The workflow of LamNet. (a) The data collection phase collects the cumulative free energy across each λ window in the AFEM ((a1) RBFE calculations, (a2) ABFE calculations), represented here as ATM. (b) The input phase ((b1) RBFE data, (b2) ABFE data) consists of two endpoints and λ-parameterized alchemical intermediates in the AFEM. (c) The physics-informed representation learning derives complex-pair (RBFE) or complex-ligand-pair (ABFE) representations for each λ window along different pathways within the thermodynamic cycle. The heterogeneous block is only used for complex-type graphs rather than ligand-type graphs. (d) In the output phase, window-level free energies are predicted using a MLP. (e) A multi-objective application phase aimed at expediting RBFE and ABFE calculations via direct prediction or indirect convergence optimization.

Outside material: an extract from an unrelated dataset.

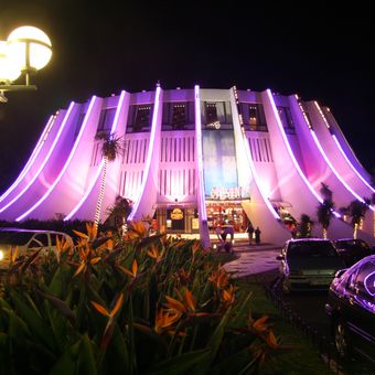 La structure circulaire du Casino da Madeira repose sur trente-deux contreforts blancs en béton soutenant son diamètre de quarante mètres.

Initially, in the input phase, LamNet prepares distinct inputs for RBFE (protein–ligand complexes) and ABFE (ligand and protein–ligand complex). It not only takes in two endpoint molecular states but also λ parameters, which implicitly encode a series of desired alchemical intermediates. During the representation learning stage, LamNet first extracts node-level, atomic features from molecular structures and embeds λ parameters. These features are then used by a message-passing neural network to determine covalent and non-covalent interactions among atoms in the endpoint molecular states. Once the chemical connectivity and the inter-atomic potential is settled, LamNet conducts graph-level representation learning for each λ-parameterized alchemical intermediate from different pathways within the thermodynamic cycle. Next, LamNet employs a well-trained multilayer perceptron (MLP) to predict window-level free energies along the λ-parameterized alchemical path at the output phase. Finally, RBFE or ABFE can be simply obtained by the predicted cumulative energies from different pathways defined in AFEMs, and λ settings can be attained by predicting and controlling the energy difference between adjacent windows to not exceed a specific threshold (here, 10 kcal/mol). Further algorithmic details about each stage of the workflow and derivation of invariance can be found in Supplementary Information.
LamNet is essentially a novel framework that combines black-box DL models with traditional computational physics, and it can be combined with any AFEM, such as FEP. In this work, we chose to train LamNet, based on ATM-generated data, for three main reasons: first, the theoretical simplicity of ATM; second, the computational convenience of ATM, which facilitates the access of large-scale training data; and third, there have already been several successful studies that combined ATM with DL force fields [13,25]. To train LamNet with another underlying AFEM, one needs to recalculate the training set along the corresponding alchemical path of a new method. More discussion about this is provided in Supplementary Information. Given the computational cost, we only illustrate the novel concept and outstanding results of LamNet with ATM.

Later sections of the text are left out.